ーー:人生。確かにアラタくんとかを見てても、もちろん「小さい子がかわいい」みたいな視点もあるんですけど、顔つきや表情がプロフェッショナルですもん。身が引き締まる思いです。
アラン・ダビッド:平日は公演が終わった後ここで空中ブランコや綱渡りをみんなで練習して、そうやって育ってきました。ご飯も遊びもみんな一緒で、昨日も裏に大きなプールを作って、ショーをやってる時小さい子達はずっと遊んでたり、駐車場でサッカーしたり。
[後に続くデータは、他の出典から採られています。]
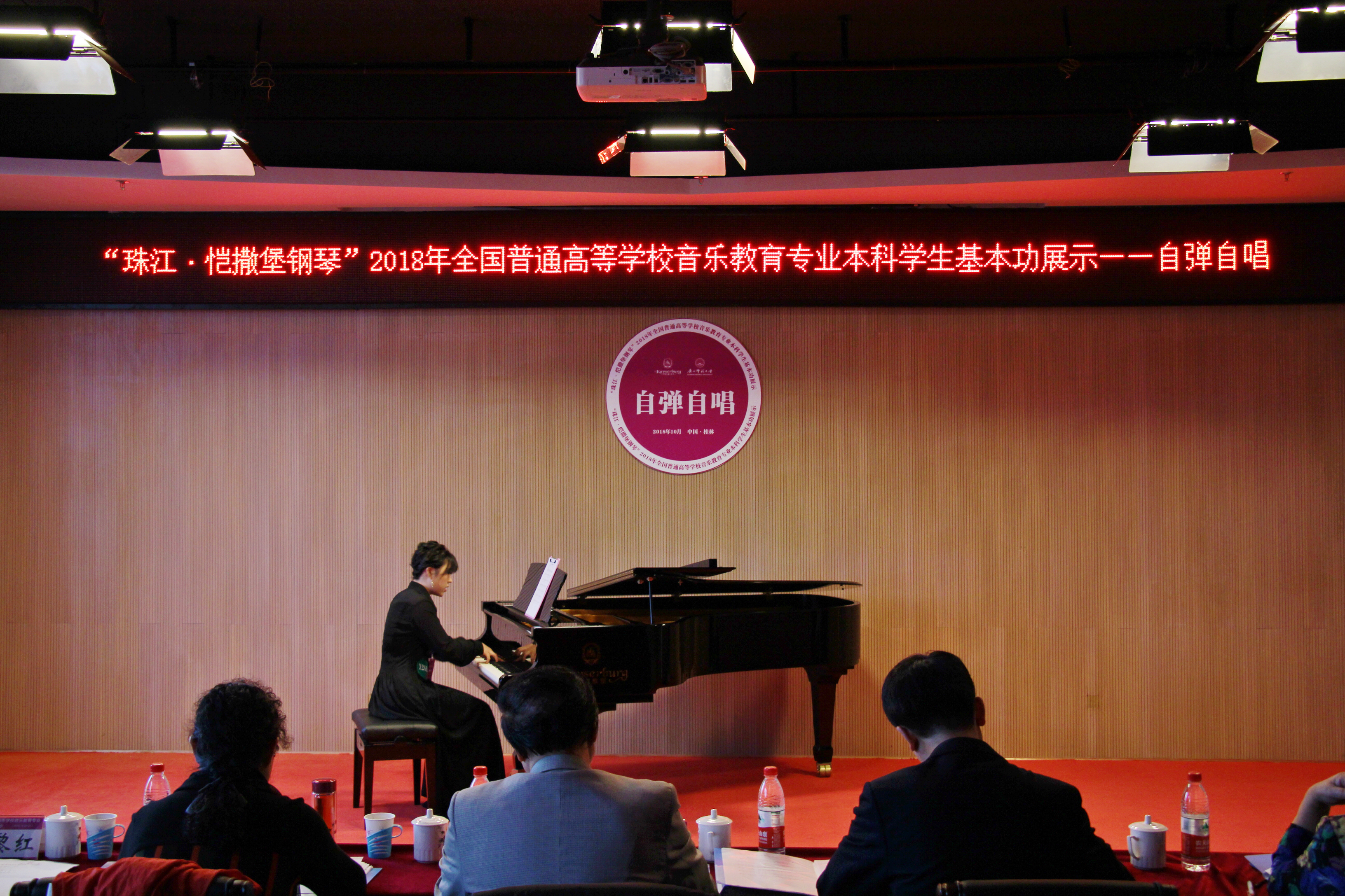 10月22日至26日,2018年全国普通高等学校音乐教育专业本科学生基本功展示活动在广西师范大学隆重举行,来自全国60所高校的180名学生参赛,主要展示内容包括音乐教学能力(歌唱与钢琴伴奏、自弹自唱、合唱指挥、中外乐器演奏、舞蹈展示)、“微课”展示、社会实践三部分,旨在全面检验全国音乐教育专业学生的人文素养和音乐教学能力。

ヒサエ:こういう生活の中で精神的にみんな強靭になってるんです。姫路公演の時にアラン・ダビッドがマラソンに出場させてもらったんですけど、42.195kmをほぼ練習なしで走り切ったんですよ。あれって本当に精神的に強くないと無理だよなって感じて。靴を脱いだら血だらけだったもんね。肉体もだし、怪我しても出たり痛くても出たりっていう、精神的な強さがないとやれないことだよなって感じています。
つながっているフジロック・ファミリーの絆
ーー:そんなさくらサーカスならではの魅力ってどういうところだと思いますか?

(ここで「パパー!」と娘さんが乱入)
ヒサエ:まさにこういうところですね。だめだめ、今パパお仕事だから(笑)
アラン・ダビッド:(笑)。さくらサーカスはたくさんの家族でつくってて、お客さんもそのあたたかさを感じられるところがいいんじゃないかな。他のサーカスだとどうしてもアーティストとお客さんで分かれるけど、壁がなくてお客さんと一緒になってるのが魅力だと思います。
ーー:観ている中でもすごく感じますね。ビジネスライクなものとは違う、ファミリーのつながり。フジロックでも何回か見させてもらってる中で、「アラシくん大きくなったなあ」とか「アラタくんめっちゃかっこよくなってるやん!」とか、毎回色々感じます。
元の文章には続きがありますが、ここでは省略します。